EXERCISE REQUIREMENTS: The entire listing below is to be written out exactly, minus the pictures.

EXTRACTED ENTRIES:
Segment Open

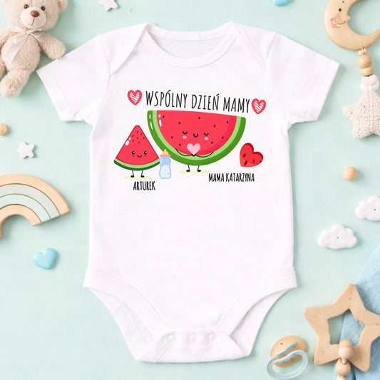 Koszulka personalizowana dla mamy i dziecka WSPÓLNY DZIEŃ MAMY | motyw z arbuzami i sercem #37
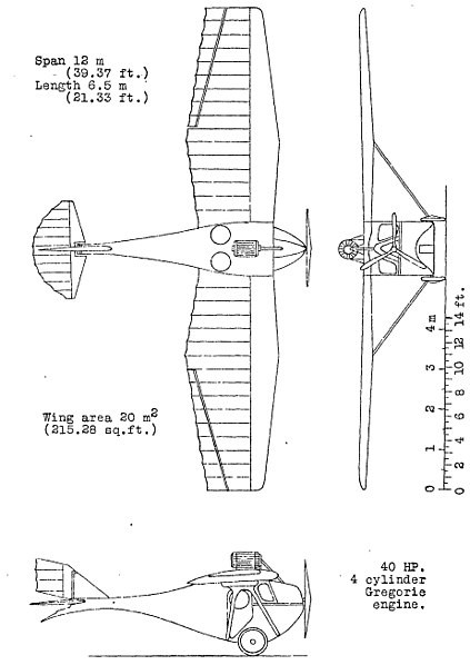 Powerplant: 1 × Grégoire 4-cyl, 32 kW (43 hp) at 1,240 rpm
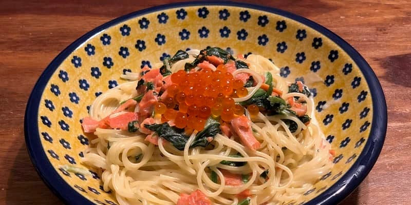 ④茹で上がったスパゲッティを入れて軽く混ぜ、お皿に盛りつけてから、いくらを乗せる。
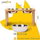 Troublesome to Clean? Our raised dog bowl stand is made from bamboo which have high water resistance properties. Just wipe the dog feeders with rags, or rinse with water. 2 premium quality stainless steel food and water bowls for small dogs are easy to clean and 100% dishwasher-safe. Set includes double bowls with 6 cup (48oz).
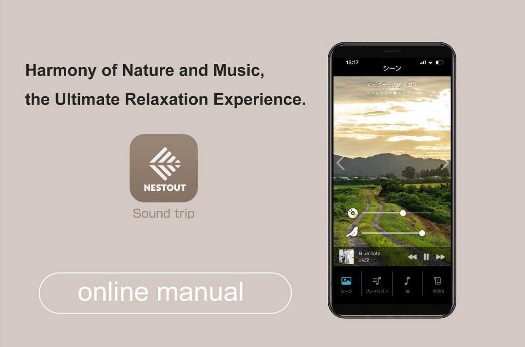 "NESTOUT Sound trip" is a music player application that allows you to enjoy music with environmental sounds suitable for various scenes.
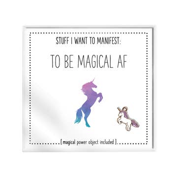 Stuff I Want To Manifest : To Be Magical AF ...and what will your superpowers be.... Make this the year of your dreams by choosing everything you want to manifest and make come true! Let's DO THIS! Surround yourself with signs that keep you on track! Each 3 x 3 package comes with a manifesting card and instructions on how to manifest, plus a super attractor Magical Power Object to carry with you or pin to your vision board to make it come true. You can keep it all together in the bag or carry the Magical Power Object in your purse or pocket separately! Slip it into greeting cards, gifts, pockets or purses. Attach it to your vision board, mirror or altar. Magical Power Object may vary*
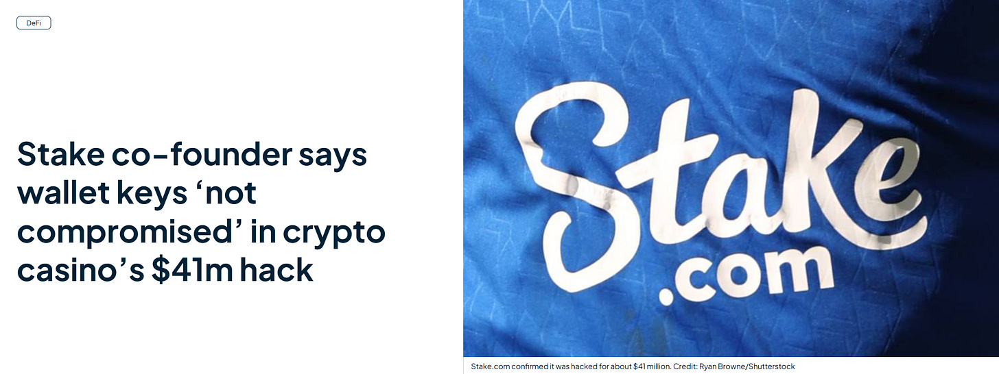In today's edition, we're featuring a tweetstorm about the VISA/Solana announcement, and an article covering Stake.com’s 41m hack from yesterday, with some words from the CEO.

Segment Closed

RESPONSE AREA:
 Koszulka personalizowana dla mamy i dziecka WSPÓLNY DZIEŃ MAMY | motyw z arbuzami i sercem #37
 Powerplant: 1 × Grégoire 4-cyl, 32 kW (43 hp) at 1,240 rpm
 ④茹で上がったスパゲッティを入れて軽く混ぜ、お皿に盛りつけてから、いくらを乗せる。
 Troublesome to Clean? Our raised dog bowl stand is made from bamboo which have high water resistance properties. Just wipe the dog feeders with rags, or rinse with water. 2 premium quality stainless steel food and water bowls for small dogs are easy to clean and 100% dishwasher-safe. Set includes double bowls with 6 cup (48oz).
 "NESTOUT Sound trip" is a music player application that allows you to enjoy music with environmental sounds suitable for various scenes.
 Stuff I Want To Manifest : To Be Magical AF ...and what will your superpowers be.... Make this the year of your dreams by choosing everything you want to manifest and make come true! Let's DO THIS! Surround yourself with signs that keep you on track! Each 3 x 3 package comes with a manifesting card and instructions on how to manifest, plus a super attractor Magical Power Object to carry with you or pin to your vision board to make it come true. You can keep it all together in the bag or carry the Magical Power Object in your purse or pocket separately! Slip it into greeting cards, gifts, pockets or purses. Attach it to your vision board, mirror or altar. Magical Power Object may vary*
In today's edition, we're featuring a tweetstorm about the VISA/Solana announcement, and an article covering Stake.com’s 41m hack from yesterday, with some words from the CEO.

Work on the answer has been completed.